BEGIN STORED DATA

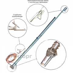 Устройство УПН-10Б состоит из наброса, имеющего активную (рабочую) часть, заземляющей части со струбциной, изолирующего канатика с грузиком и заземлителя ЭЗ-1.
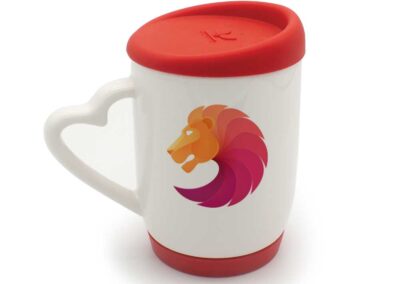 Because of their distinctive color combination, which makes them stand out from other ceramic mugs, white ceramic mugs with silicone caps and bases are fast becoming our favorite personalized ceramic mugs. These mugs are sturdy yet lightweight and portable thanks to the ceramic material that was utilized in their construction. The base and lid are composed of multicolored, flexible silicone that is both sturdy and soft. Its inventive little handle in the form of a heart makes carrying it simple. These mugs have a sublimation coating, making it simple to print your logo in full color on them in Sharjah.
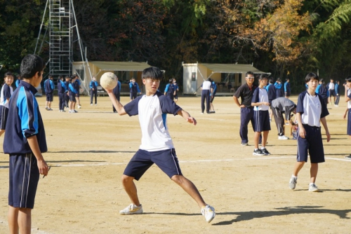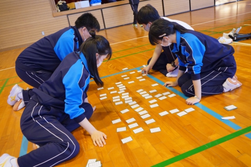 昼食を終え、午後からはグラウンドでの球技大会や体育館での百人一首など、レクリエーションが行われました。球技大会では担任やクラスメイトから熱い声援が送られる中、楽しく汗を流しながら全力投球し、百人一首は1枚でも多くの札を取ろうと、白熱した戦いを繰り広げていました。

END STORED DATA

WHAT YOU HAVE TO DO:
Every line of the data above should be quoted exactly. Omit the pictures.

RESULT:
 Устройство УПН-10Б состоит из наброса, имеющего активную (рабочую) часть, заземляющей части со струбциной, изолирующего канатика с грузиком и заземлителя ЭЗ-1.
 Because of their distinctive color combination, which makes them stand out from other ceramic mugs, white ceramic mugs with silicone caps and bases are fast becoming our favorite personalized ceramic mugs. These mugs are sturdy yet lightweight and portable thanks to the ceramic material that was utilized in their construction. The base and lid are composed of multicolored, flexible silicone that is both sturdy and soft. Its inventive little handle in the form of a heart makes carrying it simple. These mugs have a sublimation coating, making it simple to print your logo in full color on them in Sharjah.
 昼食を終え、午後からはグラウンドでの球技大会や体育館での百人一首など、レクリエーションが行われました。球技大会では担任やクラスメイトから熱い声援が送られる中、楽しく汗を流しながら全力投球し、百人一首は1枚でも多くの札を取ろうと、白熱した戦いを繰り広げていました。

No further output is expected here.